In this tutorial, you will:

- Build an Amazon Bedrock agent
- Instrument and trace the agent with Phoenix
- Add evaluations to your agent traces

## Background

[Amazon Bedrock Agents](https://aws.amazon.com/bedrock/agents/) is a fully managed capability in Amazon Bedrock that allows you to build AI agents that can complete tasks by interacting with enterprise systems, data sources, and APIs. These agents can understand user requests in natural language, break down complex tasks into steps, retrieve relevant information, and take actions to fulfill user requests. With Bedrock Agents, you can create conversational assistants that can answer questions, provide recommendations, and perform actions on behalf of users, all while maintaining context throughout the conversation.

In this tutorial, we'll use Phoenix to trace and evaluate an Amazon Bedrock Agent, providing visibility into how the agent processes requests, makes decisions, and interacts with various systems to complete tasks.

Let's get started!

ℹ️ This notebook requires an AWS account with access to Bedrock.

### Install Dependencies

In [None]:
!pip install -q uv
!uv pip install -q arize-phoenix-otel boto3 anthropic openinference-instrumentation-bedrock

In [None]:
import os
import time
from getpass import getpass

import boto3
import nest_asyncio

from phoenix.otel import register

nest_asyncio.apply()

### Set Phoenix Environment Variables

This example used [Phoenix Cloud](https://app.phoenix.arize.com), our free online hosted version of Phoenix. If you'd prefer, you can [self-host Phoenix](https://arize.com/docs/phoenix/self-hosting) instead.

In [None]:
os.environ["PHOENIX_COLLECTOR_ENDPOINT"] = "https://app.phoenix.arize.com"
if not os.environ.get("PHOENIX_CLIENT_HEADERS"):
    os.environ["PHOENIX_CLIENT_HEADERS"] = "api_key=" + getpass("Enter your Phoenix API key: ")

### Connect to Phoenix
Now you can connect your notebook to a Phoenix instance.

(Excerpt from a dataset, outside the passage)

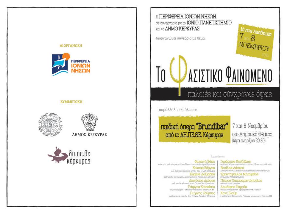 α) Συνέδριο με θέμα : «Το φασιστικό φαινόμενο στην Ευρώπη: Παλαιές και σύγχρονες όψεις» το Σάββατο 7 και Κυριακή 8 Νοεμβρίου στην Ιόνιο Ακαδημία.

The `auto_instrument` flag below will search your environment for any openinference-instrumentation packages, and call any that are found. Because you installed the openinference-instrumentation-bedrock library, any calls you make to Bedrock or Bedrock agents will be automatically instrumented and sent to Phoenix.

In [None]:
project_name = "Amazon Bedrock Agent Example"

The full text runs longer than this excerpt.